I've learned this building agents at work, building tools at hackathons, and -- most concretely -- using Claude Code daily as a function-calling agent that operates on my actual codebase. The patterns I'm about to describe aren't theoretical. They're extracted from systems that run every day and handle real failures.

Function calling lifecycle: the model proposes a tool call, the permission layer gates it, and structured errors enable recovery.

The Three Pillars

Not all function calls are created equal. The first thing I do when designing a tool set for an agent is classify every function into one of three categories based on what it does to the world.

Pillar 1: Reading data. These are pure reads. Fetch a user profile. Query a database. List files in a directory. Read-only operations that cannot change state. They're safe by default. If a read call fails, you retry. If it returns garbage, you ask the model to try again. The worst case is wasted tokens. Nothing burns down.

Pillar 2: Computing on data. These are transforms. Summarize a document. Calculate a price. Parse a CSV into structured records. They take input, produce output, and have no side effects. The input and output exist only in the agent's context. Like reads, these are inherently safe -- you can run them ten times and the outside world doesn't change.

Pillar 3: Taking actions. These change state. Send an email. Create a database record. Delete a file. Push a git commit. Transfer money. Every action is potentially irreversible, and every action needs safeguards that the first two pillars don't.

The mistake I see in almost every agent architecture is treating all three pillars identically. Same approval flow, same error handling, same retry logic. That's wrong. A read can be retried aggressively. An action should be retried never -- or at least not without explicit confirmation that the first attempt actually failed and didn't just time out after succeeding.

The pillar classification should be encoded in your tool definitions. Tag each function. The orchestration layer uses those tags to decide approval requirements, retry behavior, and logging verbosity. Reads get auto-approved and retried three times. Computations get auto-approved with no retries since they're deterministic. Actions get human approval and zero automatic retries.

Schema Design

The model reads your function schemas. Every description, every parameter name, every enum value is part of the prompt. Bad schema design produces bad function calls, and no amount of prompt engineering in the system message fixes a confusing schema.

Keep schemas flat. Nested objects are where models start hallucinating field names. If your function expects a deeply nested config object with optional sub-objects, the model will invent fields that don't exist. Flatten it. If a function needs five parameters, make them five top-level parameters. It's uglier in your API spec and dramatically more reliable in practice. I cover the full spectrum of structured output strategies -- JSON mode, function calling, and the validation-retry pattern -- in a dedicated post.

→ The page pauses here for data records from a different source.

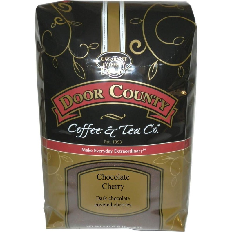Door County Coffee, Chocolate Cherry, Dark Chocolate and Cherry Flavored Coffee, Medium Roast, Ground Coffee, 5 lb Bag
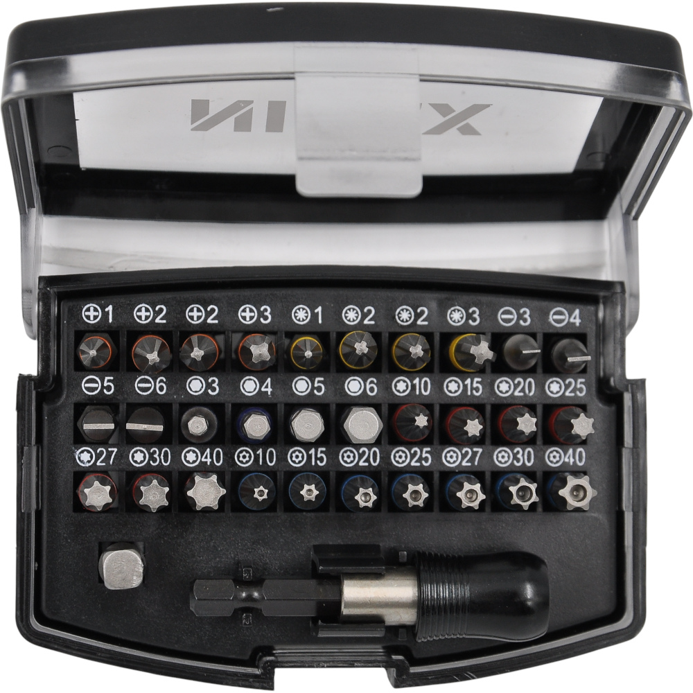 Биты 25 мм: PH1 - 1 шт.; РН2 - 2 шт.; PH3 - 1 шт.; PZ1 - 1 шт.; PZ1 - 2 шт.; SL3 - 1 шт.; SL4 - 1 шт.; SL5 - 1 шт.; SL6 - 1 шт.; H3 - 1 шт.; H4 - 1 шт.; H5 - 1 шт.; H6 - 1 шт.; Т10 - 1 шт.; Т15 - 1 шт.; Т20 - 1 шт.; Т25 - 1 шт.; Т27 - 1 шт.; Т30 - 1 шт.; Т40 - 1 шт.; Т10 - 1 шт.; Т15 - 1 шт.; Т20 - 1 шт.; Т25 - 1 шт.; Т27 - 1 шт.; Т30 - 1 шт.; Т40 - 1 шт.;
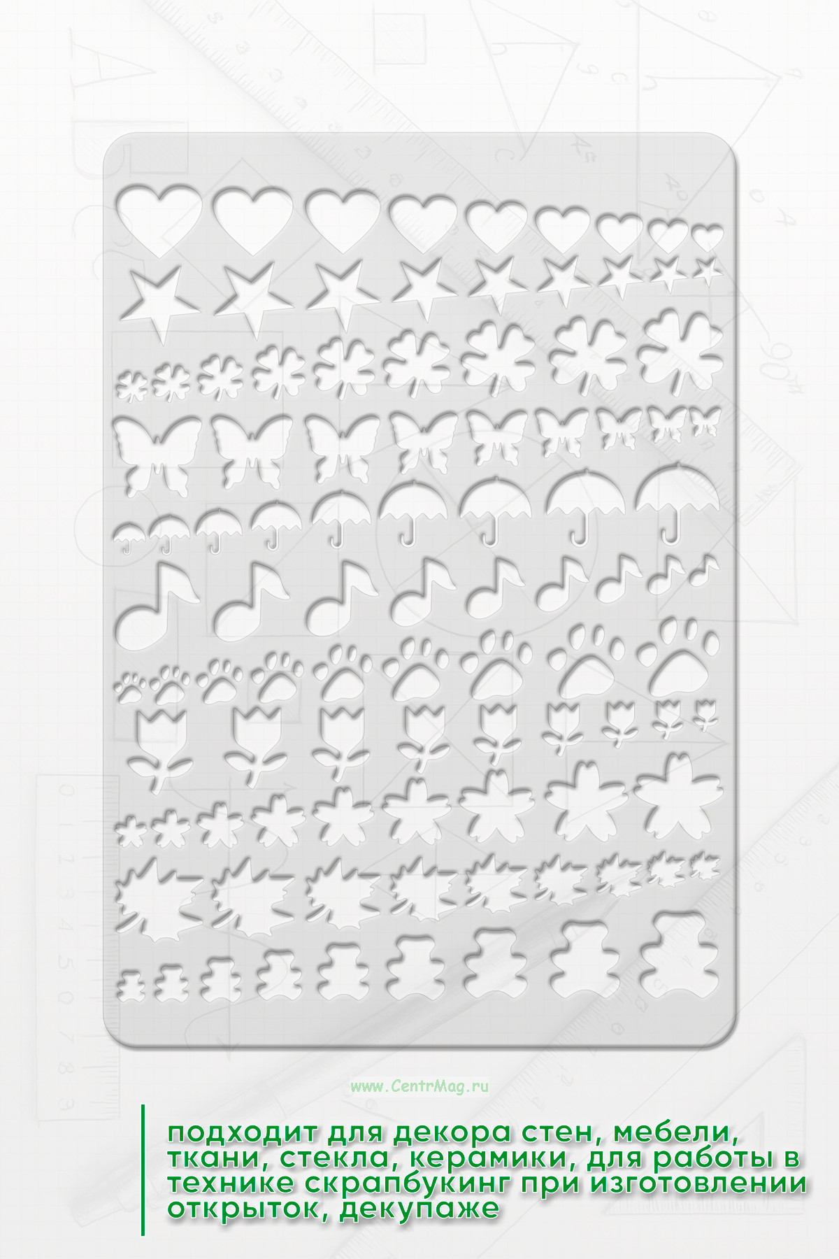 Трафарет подходит для декора стен, мебели, ткани, стекла, керамики, для работы в технике скрапбукинг при изготовлении открыток, декупаже
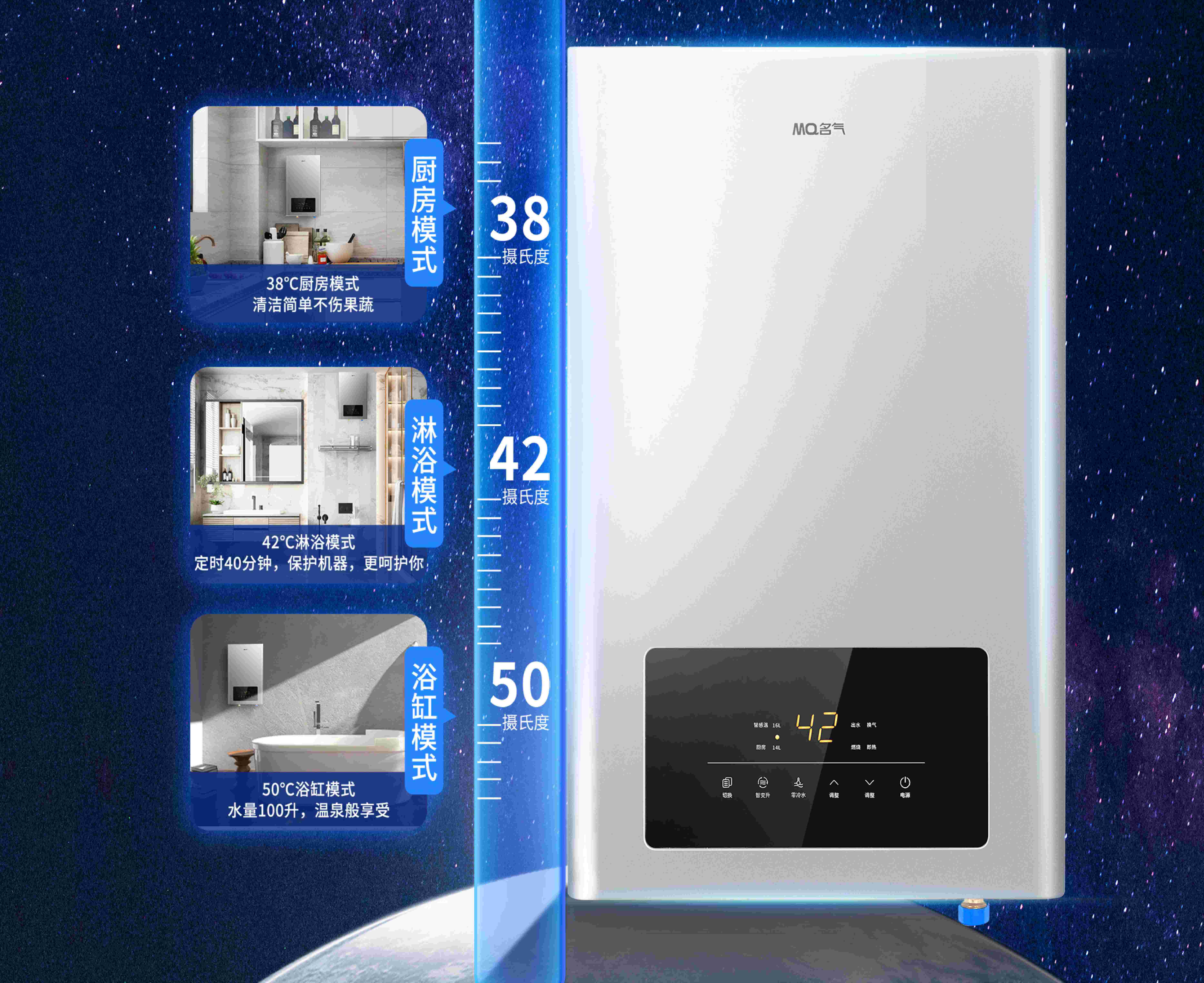 智能識別用水環境、管路長度和自動調節燃氣,10s內開關水龍頭3次,35℃~65℃區域范圍,想洗就洗免顧慮
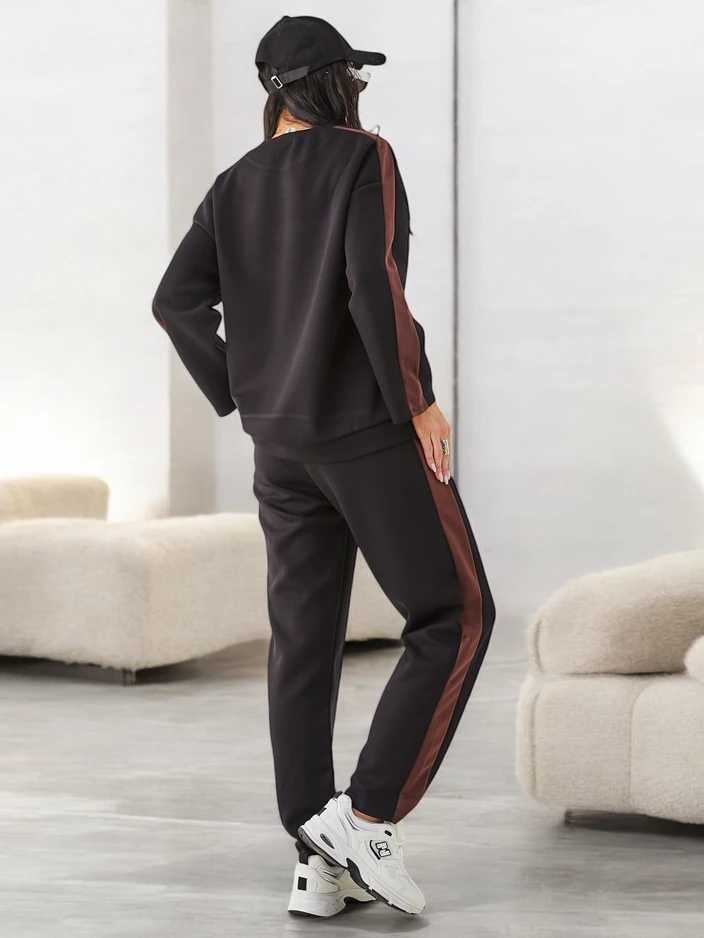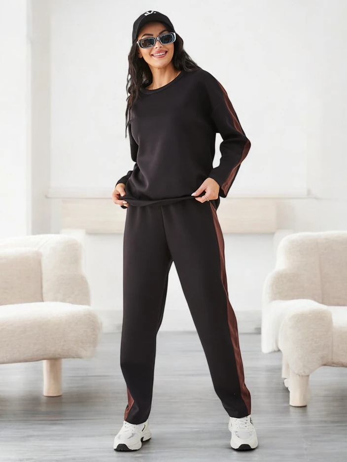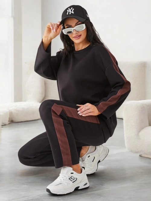 - Setul de training pentru femei este confecționat dintr-un material plăcut. Hanoracul se trage pe cap, are mâneci lungi și decolteu rotund. Pantaloni drepți cu 2 buzunare ascunse și talie elastică. Ideal pentru cei care apreciază confortul.

Use enums for constrained parameters. If a parameter can only be "asc" or "desc", don't describe it as a string with a note saying "must be asc or desc." Make it an enum. Models respect enum constraints almost perfectly. They respect description-based constraints maybe 80% of the time. That 20% gap is production incidents.

Write descriptions for the model, not for humans. Your function description isn't documentation for developers. It's a prompt for the model. "Sends an email to the specified recipient" is fine for a developer. The model needs more: "Sends an email. Use this when the user explicitly asks to send a message. Do not use for drafts or previews. The recipient must be a valid email address. The subject should be concise." Tell the model when to use the function, when not to, and what constraints matter.

Minimize optional parameters. Every optional parameter is a decision the model has to make. Should it include the timezone parameter or let it default? The model doesn't know your defaults. It guesses. Sometimes it guesses wrong and passes null when you expected it to omit the field entirely, or includes a value when you expected the default. Make parameters required when possible. If a parameter has a sensible default, consider removing it from the schema entirely and hardcoding the default server-side.

Permission Models

This is where Claude Code taught me the most. I use Claude Code every day, and its permission model is the best reference implementation I've seen for how a function-calling agent should handle trust.

Claude Code operates on a three-tier approval system that maps cleanly to the three pillars I described above.

Tier 1: Auto-approve. Read-only operations run without asking. git status, ls, cat, file reads -- these happen silently because they can't change anything. The agent stays fast for safe operations. This maps to Pillar 1.

Tier 2: Session-approve. Operations like file edits get approved once, then allowed for the rest of the session. You review the first edit, and if it looks good, you let the agent continue editing without interrupting you for every change. Trust builds incrementally within a session but resets between sessions. This maps to Pillar 2 and low-risk actions.

Tier 3: Always-ask. Destructive operations -- git push --force, rm -rf, anything that touches production -- require explicit approval every single time. No session memory. No permanent allowlist. The human is always in the loop for high-stakes actions. This maps to Pillar 3.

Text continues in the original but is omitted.